Ein paar Dinge könnten die Eliten vom gemeinen Fernsehvolk lernen
Freude am Echten, ein Faible für Außenseiter, keine Angst vor der Kronenzeitung: Was „Die große Chance“ über Österreich verraten hat. Ein Nachtrag.
Sibylle Hamann
Wenn Massenprogramme im Fernsehen laufen, rümpfen Menschen, die sich für die gesellschaftliche Elite halten, gern die Nase. Volksverblödung sei das alles, dummes Zeug für dumme Leute, und nein, niemals würde man sich so etwas freiwillig anschauen. Erstens haben man ja gar keinen Fernseher. Zweitens habe man zwar schon einen Fernseher, schalte den aber beinahe nie ein, sondern lese viel lieber ein gutes Buch. Wenn man eventuell ab und zu fernschaue, dann ausschließlich arte und 3sat; und auch dort nur Nachrichten und Opernübertragungen. Überhaupt Opernübertragungen! Werden viel zu selten gezeigt!
Man kann also annehmen, dass die gesellschaftliche Elite von Massenprogrammen nicht viel mitbekommt. Dass Sendungen wie „die große Chance“ bloß ein Rauschen am Rand ihres Gesichtsfelds bilden, nicht relevant, nicht der Rede wert. Das ist schade, aus mehreren Gründen.
Wir durften uns in der Show nämlich ein Bild von dem machen, was in den Hobbyräumen und Bastelkellern dieses Landes passiert; und das unterscheidet sich wesentlich von den Verbrechen sadistischer Ingenieure, die es üblicherweise in die Schlagzeilen schaffen, wenn in Österreich von „Hobbyräumen“ und „Bastelkellern“ die Rede ist. Speziell die Unter-20-Jährigen, die wir da zu sehen bekamen, sind völlig anders als der Ruf, der ihnen vorauseilt. Bisher schaffen es die meinungsbildenden 40- bis 60Jährigen ja erfolgreich, alle Jüngeren als mutlose, vereinsamte, gelangweilte, verfettete, computerspielfixierte, luxusverwöhnte Konsumidioten darzustellen, denen Turnen, Singen oder sonstige kreative gemeinschaftliche Aktivitäten herzlich egal seien.

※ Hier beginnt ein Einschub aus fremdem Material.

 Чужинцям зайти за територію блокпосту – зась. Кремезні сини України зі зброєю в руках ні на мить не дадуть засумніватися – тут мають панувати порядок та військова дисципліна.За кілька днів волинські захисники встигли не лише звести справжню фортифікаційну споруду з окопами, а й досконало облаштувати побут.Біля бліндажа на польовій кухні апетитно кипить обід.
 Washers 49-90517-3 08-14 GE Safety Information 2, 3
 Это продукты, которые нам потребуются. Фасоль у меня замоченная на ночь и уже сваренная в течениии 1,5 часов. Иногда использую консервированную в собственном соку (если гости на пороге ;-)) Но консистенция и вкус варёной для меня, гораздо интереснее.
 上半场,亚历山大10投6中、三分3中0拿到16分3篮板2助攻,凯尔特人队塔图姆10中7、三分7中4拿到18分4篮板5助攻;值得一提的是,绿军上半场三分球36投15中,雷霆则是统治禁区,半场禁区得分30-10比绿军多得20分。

Zumindest jene, die es hier auf die Bühne schafften, schauten ganz und gar nicht so aus. Um ihre soziale Kompetenz scheint es bei ihnen gut bestellt zu sein; ebenso, was den respektvollen Umgang der Geschlechter betrifft.
Und das Publikum, das die Auftritte zu bewerten hatte? Auch das legte Respekt an den Tag, Gelassenheit, gewürzt mit einem kleinen Faible für die Abweichung von der Norm. Dass ein transsexueller Glamour-Vamp die Herzen eroberte, mag weniger überraschen als der Erfolg jener Frau, die am Ende den Sieg davontrug. Wer hätte gedacht, dass sich die Fünzehnjährigen dieses Landes mit einer 35jährigen Lesbe mit Streichholzfrisur identifizieren würden; mit einer Frau, die weder niedlich ist, noch überdreht, sondern bloß sehr echt, sehr nah am (gar nicht so lustigen) Leben, und sehr ernsthaft in dem, was sie tut?

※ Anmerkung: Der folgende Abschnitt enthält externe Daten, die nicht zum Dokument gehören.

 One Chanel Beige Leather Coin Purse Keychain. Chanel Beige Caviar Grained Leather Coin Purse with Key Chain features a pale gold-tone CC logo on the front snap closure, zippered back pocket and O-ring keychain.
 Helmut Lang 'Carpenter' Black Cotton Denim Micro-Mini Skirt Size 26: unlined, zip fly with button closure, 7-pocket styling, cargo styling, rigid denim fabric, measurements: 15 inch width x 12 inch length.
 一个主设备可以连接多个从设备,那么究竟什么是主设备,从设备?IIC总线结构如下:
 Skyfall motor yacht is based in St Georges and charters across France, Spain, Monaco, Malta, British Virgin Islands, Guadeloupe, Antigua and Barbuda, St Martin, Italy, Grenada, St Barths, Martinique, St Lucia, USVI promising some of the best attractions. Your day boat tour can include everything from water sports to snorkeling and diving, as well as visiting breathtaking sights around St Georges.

Ein Lehrstück war die Show schließlich auch, was die Macht der meinungsbildenden Instanzen in diesem Land betrifft. Ganz Österreich, wird gern behauptet, fürchte sich vor der Kronenzeitung; ohne Kronenzeitung gebe es im Mainstream keine Mehrheit. Jetzt wissen wir: Das ist eine große, eitle, arrogante Lüge. Seltsame, von der eigenen Macht berauschte Figuren wie Michael Jeannee spielen für die große Masse der normalen, unpolitischen jüngeren Menschen dieses Landes keine Rolle mehr, und deren Verhaberung mit irgendwelchen Promi-Wirten, Politikern oder und Journalistenkollegen könnte ihnen gleichgültiger nicht sein.
Nein, zum Naserümpfen besteht bei solchen Positionsbestimmungen kein Anlass. Im Gegenteil: Manchmal könnten sich die Eliten an der unerschrockenen Masse der unpolitischen Kids ein Beispiel nehmen.